Patients are being moved from the 29-bed unit to other wards at King’s College Hospital after the trust was forced to declare a critical incident following an inspection on Wednesday.
London fire brigade and trust engineers inspected the unit and identified safety fears over cladding panels on the outside of the building that could help fire to spread.
The hospital is one of the capital’s four major trauma centres that care for the most seriously injured patients across the region.

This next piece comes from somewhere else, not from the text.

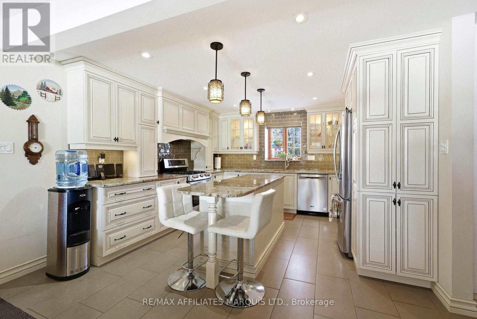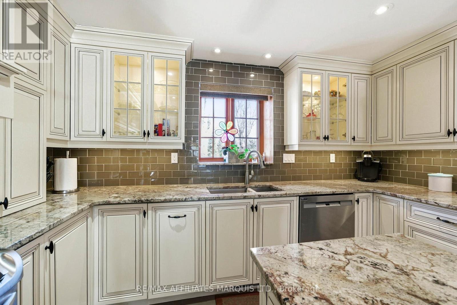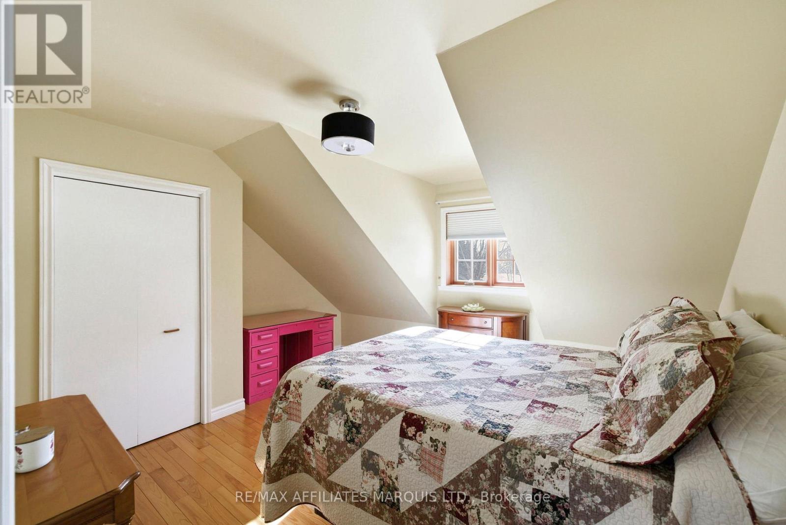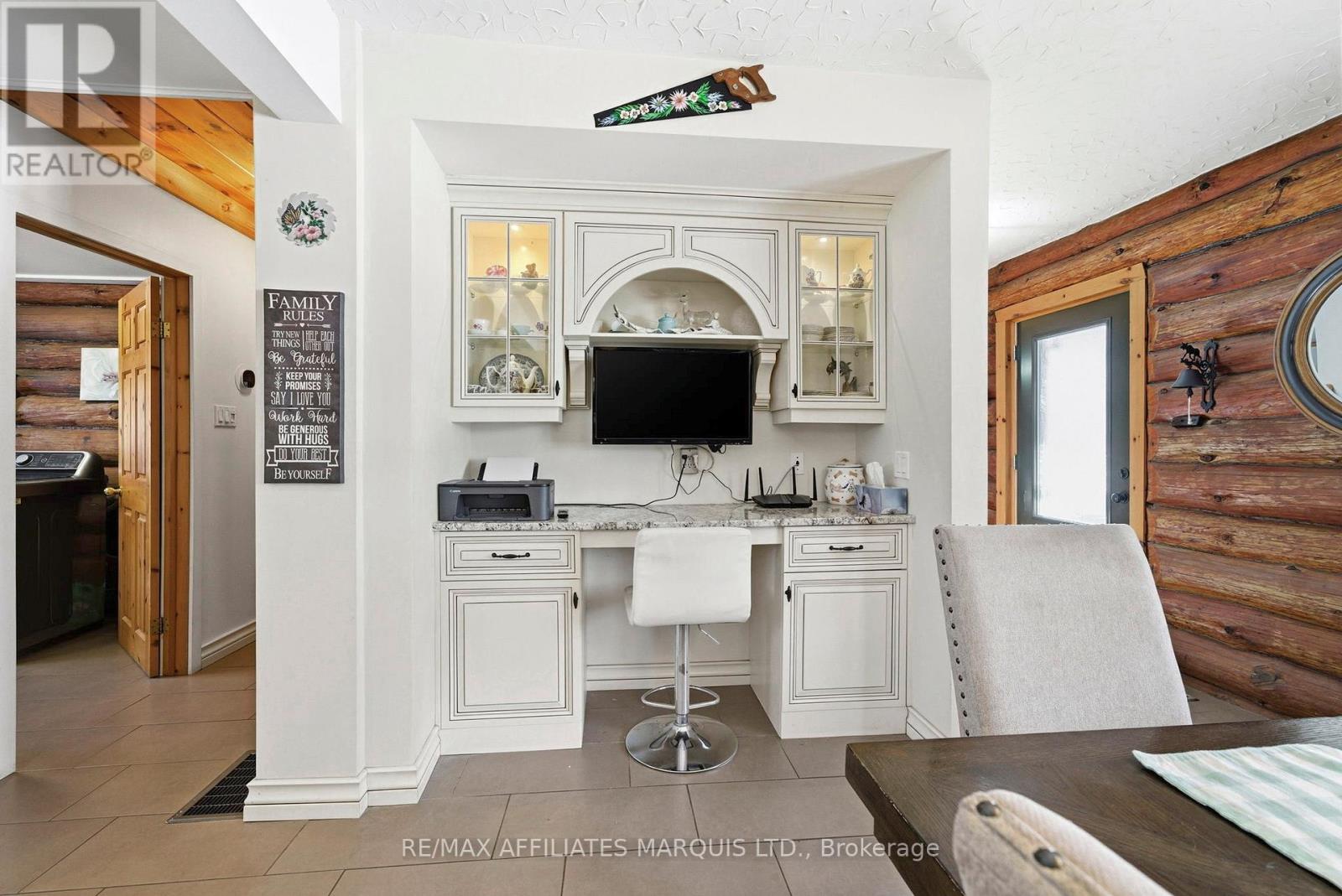 Welcome to this stunning 3,000 sq. ft. log home set on over 2 beautifully maintained acres just outside the city limits. Offering the perfect blend of peaceful rural living and convenient proximity to Cornwall, this property is ideal for families seeking space, character, and comfort. From the moment you arrive, the charm is undeniable. A spacious front porch invites you to relax and enjoy the quiet surroundings. Inside, exposed wood throughout the main floor creates a warm, timeless atmosphere. The updated eat-in kitchen features custom cabinetry, granite countertops, and a large island perfect for gathering. The inviting living room is highlighted by a striking stone fireplace with a gas insert and patio doors leading to the expansive screened-in patio, ideal for evening relaxation. A separate main-floor family room offers additional living space, and a convenient 2-piece bath combined with laundry adds everyday practicality. Upstairs you'll find four generously sized bedrooms. The primary suite includes a private 3-piece ensuite and a bonus room that could serve as a fifth bedroom, office, nursery, or exercise space. A full bathroom and an additional second-floor family room provide flexibility for growing families. The basement is currently used for storage but offers excellent potential for future development, with a walk-out from the attached single-car garage. Outside, the immaculate yard showcases mature landscaping, stone walkways, multiple patio areas, and a fire pit, perfect for entertaining or peaceful evenings under the stars. With ample parking and space for campers, boats, or recreational vehicles, this property blends lifestyle and practicality. Located minutes to Cornwall, approximately one hour to Ottawa and just over an hour to Montreal, this home offers space, warmth, and character you won't want to miss. (id:64974)

In 2018, the trust instructed builders McLaughlin & Harvey, to carry out remedial work after an inspection by the trust’s own engineers identified safety concerns. The unit was due to open in the summer of 2018.
The 21 patients in the unit were moved to other wards on Wednesday while work is carried out. It is expected the work will continue after this week but new critical patients will be readmitted from Friday and cared for on other wards.
The unit opened one floor in April to provide more critical care space during the Covid-19 crisis.
Once fully open the two-floor intensive care unit will double the number of critical care beds at the trust to more than 120.
A spokesperson for King’s College Hospital told The Independent: “The trust has closed the new critical care unit so that it can complete the outstanding remedial work inside the unit itself, as well as rectify issues identified more recently.
“Before the unit was opened in April as part of the trust’s response to the Covid-19 pandemic, a number of mitigations were put in place to ensure the safety of our staff and patients.
“The remaining patients in the unit are being moved to critical care wards at King’s College Hospital, Denmark Hill so that the remedial work can be completed as quickly as possible.”
The trust has five existing critical care wards including a paediatric intensive care unit, a specialist liver ward and three general adult critical care wards caring for patients who suffer serious injuries, strokes, and cardiac arrests.